BLACK HISTORY MONTH SPOTLIGHT: Dr. James McCune Smith, Physician and Pharmacist

Historical photo of Dr. James McCune Smith
February 21, 2024

Throughout the month of February 2024, ACPHS's Diversity, Equity and Inclusion team will help us recognize the contributions of various Black health care leaders. Follow along on our social media channels and in our weekly Campus Connections enews. Developed by first-year DEI work study students, Angelina Reish, pharmacy, and Tobias LaFountain, microbiology. 

James McCune Smith was born in Manhattan to an enslaved woman on April 18, 1813. He was born an indentured servant because the New York State Gradual Emancipation Act of 1799 stated people born to slave women after July 4, 1799, would be free, indentured servants to the master of their mother until adulthood. He was later freed from this servitude on July 4, 1827, at age 14, by New York's Emancipation Act.  

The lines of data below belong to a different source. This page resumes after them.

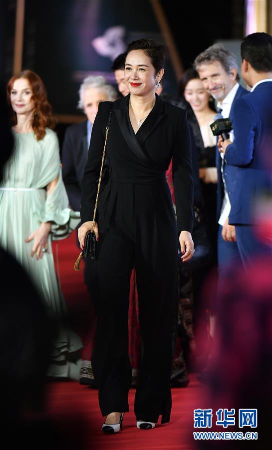 12月1日,法國演員伊莎貝爾·于佩爾亮相電影節(jié)紅毯儀式。 當(dāng)日,第二屆海南島國際電影節(jié)在三亞開幕。 新華社記者 郭程 攝
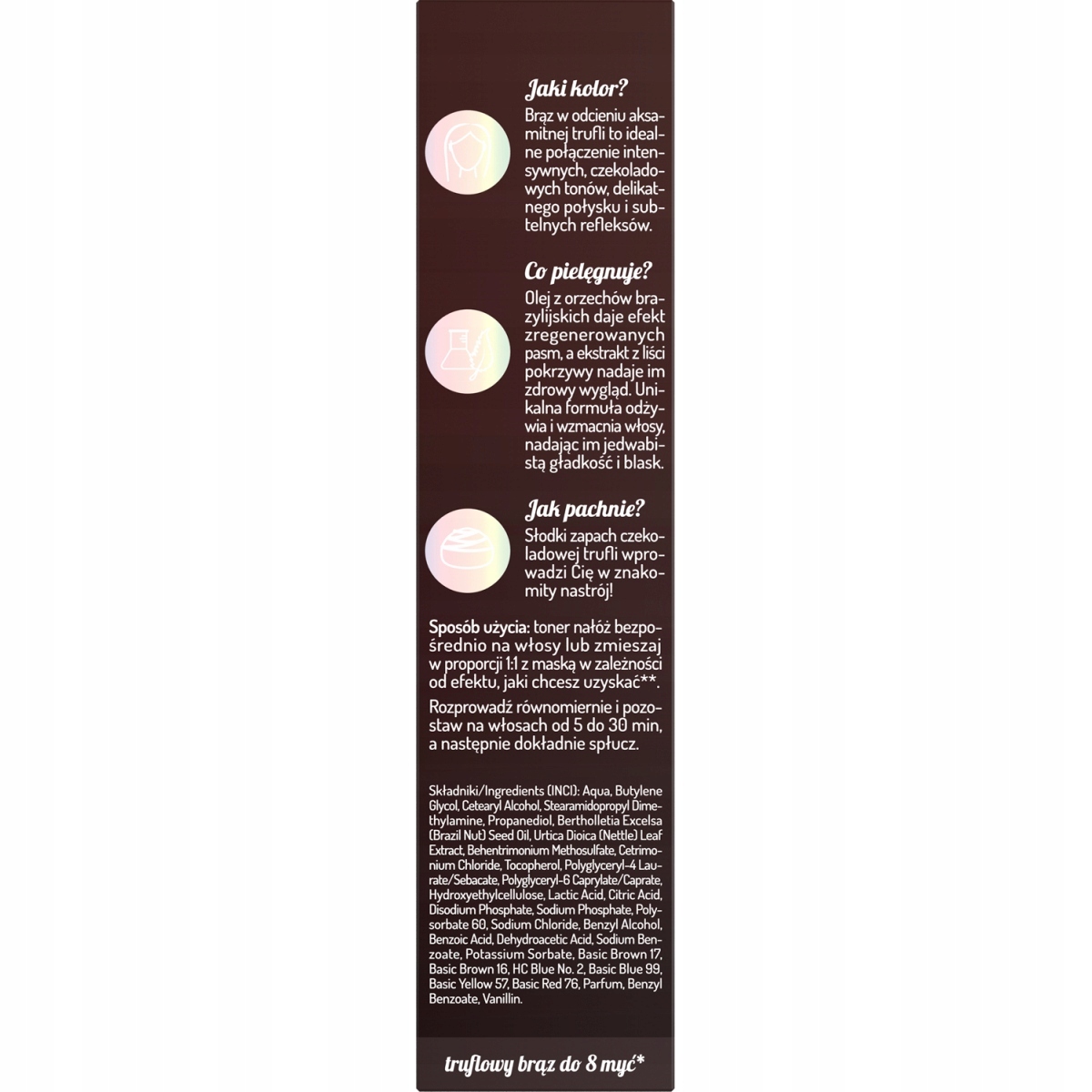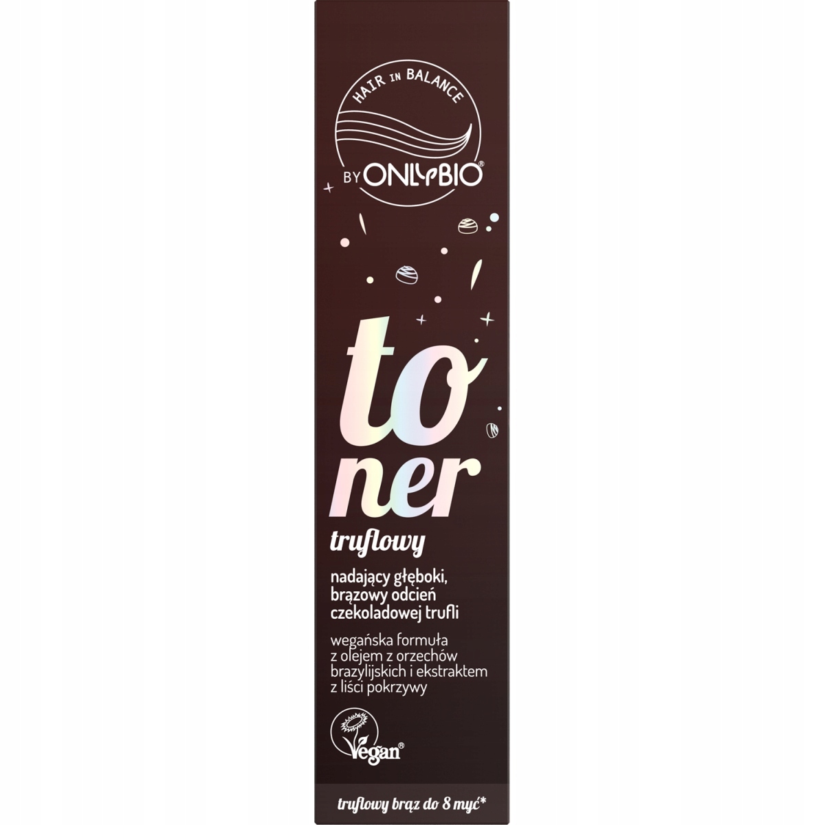 Toner do włosów Truflowy Hair In Balance by OnlyBio odświeżający kolor i nadający głęboki brązowy odcień czekoladowej trufli z subtelnymi refleksami.
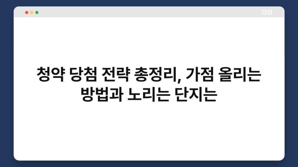 최근 내 집 마련의 꿈을 이루기 위한 청약 당첨 전략 관련 문의가 늘어나고 있습니다. 특히 복잡하게 변화하는 청약 제도 속에서 ...
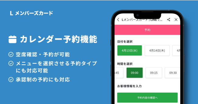 Lメンバーズカードの拡張機能として利用いただける「カレンダー予約機能」では、
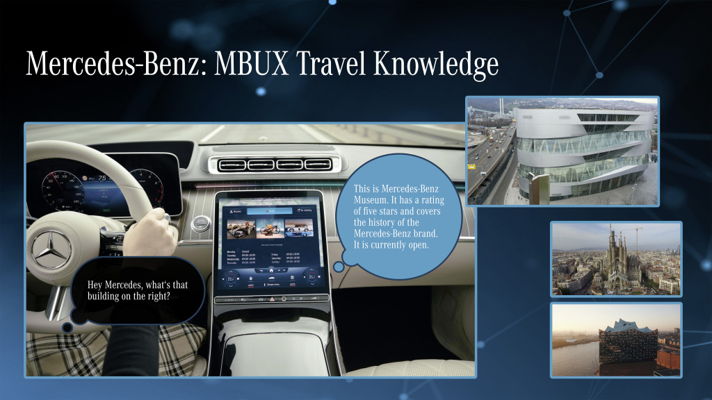 Exclusivamente na CES, a Mercedes-Benz apresenta pela primeira vez uma nova funcionalidade MBUX: “Mercedes Travel Knowledge”. Esta função inteligente avalia os dados do mapa e, além disso, os arredores e fornece muitas informações sobre pontos de referência interessantes ao longo do percurso, desde edifícios individuais ou pontos de interesse a cidades inteiras. O motorista ou passageiro pode simplesmente fazer uma pergunta ao passar – por exemplo, “Ei, Mercedes, o que você pode me dizer sobre este prédio?” ou “Ei, Mercedes, qual é o nome do restaurante à esquerda?” – e as informações aparecem no respectivo display e também faladas pelo assistente de voz. Graças ao conceito de atualização flexível do MBUX via nuvem, esse recurso também estará imediatamente disponível no novo Classe S, além do EQS.
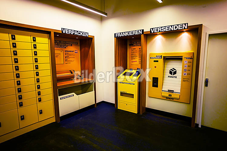 Beschreibung Eine Zone zu Selbstbedienung in einem österreichischen Postamt. Postfächer und Paketautomat
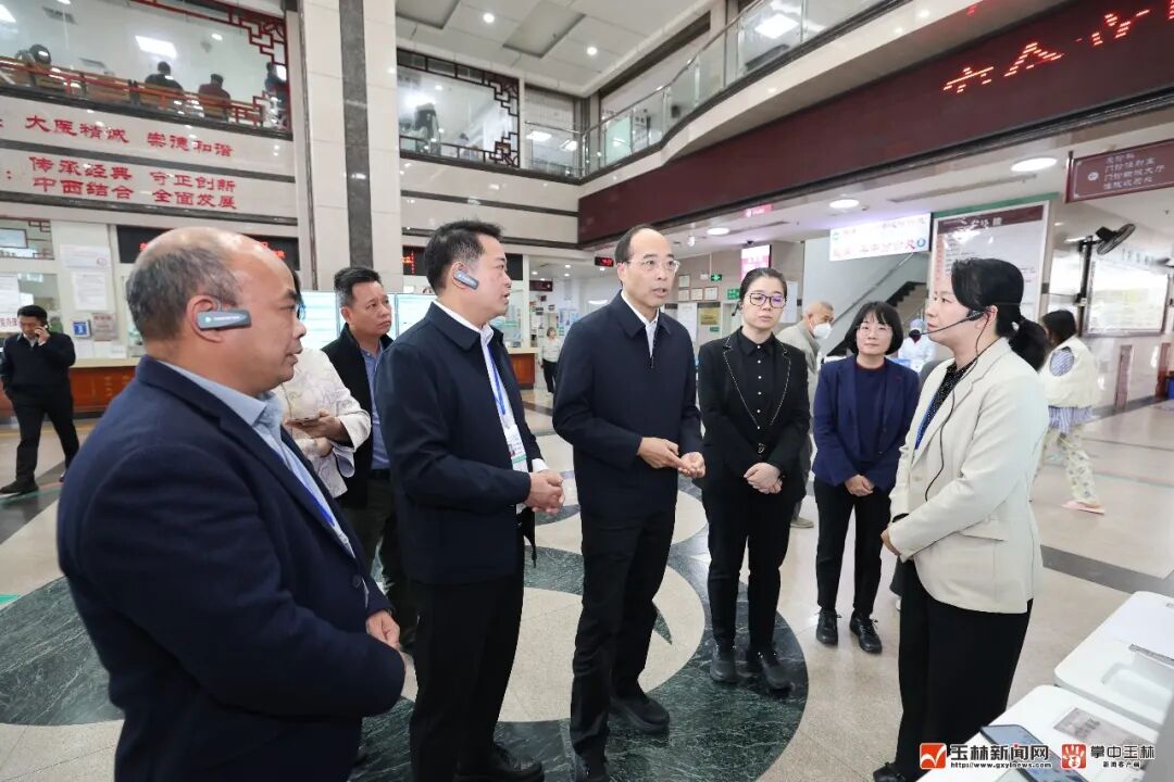 3月11日,市长张惠强在玉林城区调研督导中医药传承创新发展示范项目推进、医保基金管理突出问题专项整治和重大项目建设等工作。图为张惠强在玉林市中医院调研。
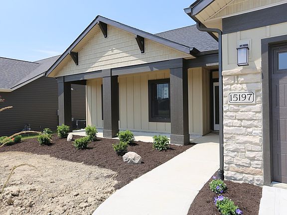 Welcome to 15197 Annabelle Place in the Villas of Lakes of Leo Creek where the combination of design and comfort make this the perfect retreat. This beautiful move-in ready home allows you to enjoy all the of the benefits of building a custom home without the wait. The exterior is inspired bu a craftsman style with a large front fitting porch. Inside, this custom designed and professionally decorated 3 bedroom ranch offer over 2300 square feet of living space. The widened foyer draws your eyes to the great room and large picture windows overlooking the inset covered rear veranda and water view. The kitchen and nook are connected to a sunroom with wall to wall windows. The stunning kitchen was designed with warm tones and custom cabinetry with a wood hood and decorative bronze door pulls. Other features of the kitchen include quartz countertops, tile backsplash and a large double deep island. The owner's retreat offers 2 closets and access to the veranda. The bathroom is complete with a tile shower and a soaking tub. Don't miss out on this one of a kind villa home.

From age nine, Smith attended the New York African Free School No. 2, where he excelled beyond his peers and graduated valedictorian in 1828 at the age of 15. However, due to his skin color, no college in the country would accept him. This led him to seek higher education beyond America, and he attended Glasgow University in Scotland for five years (1832-1837). He became a distinguished student, earning a Bachelor of Art (1835), a Master of Art (1836) and a medical degree (1837), becoming the first African American to hold one. While at Glasgow, he learned many skills alongside the medical degree, including the new science of statistics.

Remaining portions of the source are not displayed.